Your instructions:
The data that follows is to be copied exactly, with each image removed.

Material provided:
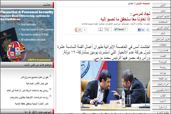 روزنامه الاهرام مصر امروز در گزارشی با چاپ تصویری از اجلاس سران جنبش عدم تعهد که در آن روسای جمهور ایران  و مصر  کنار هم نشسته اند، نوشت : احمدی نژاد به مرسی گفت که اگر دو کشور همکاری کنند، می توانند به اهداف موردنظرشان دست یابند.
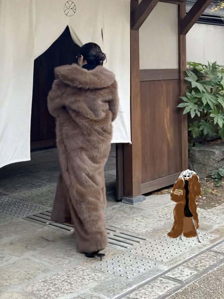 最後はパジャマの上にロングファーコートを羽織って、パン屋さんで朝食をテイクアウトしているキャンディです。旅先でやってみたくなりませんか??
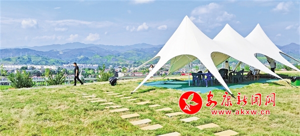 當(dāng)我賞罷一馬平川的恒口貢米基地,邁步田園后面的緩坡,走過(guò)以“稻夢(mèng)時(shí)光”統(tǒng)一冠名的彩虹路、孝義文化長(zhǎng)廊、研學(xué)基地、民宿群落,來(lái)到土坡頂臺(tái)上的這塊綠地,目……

Solution to this problem:
 روزنامه الاهرام مصر امروز در گزارشی با چاپ تصویری از اجلاس سران جنبش عدم تعهد که در آن روسای جمهور ایران  و مصر  کنار هم نشسته اند، نوشت : احمدی نژاد به مرسی گفت که اگر دو کشور همکاری کنند، می توانند به اهداف موردنظرشان دست یابند.
 最後はパジャマの上にロングファーコートを羽織って、パン屋さんで朝食をテイクアウトしているキャンディです。旅先でやってみたくなりませんか??
 當(dāng)我賞罷一馬平川的恒口貢米基地,邁步田園后面的緩坡,走過(guò)以“稻夢(mèng)時(shí)光”統(tǒng)一冠名的彩虹路、孝義文化長(zhǎng)廊、研學(xué)基地、民宿群落,來(lái)到土坡頂臺(tái)上的這塊綠地,目……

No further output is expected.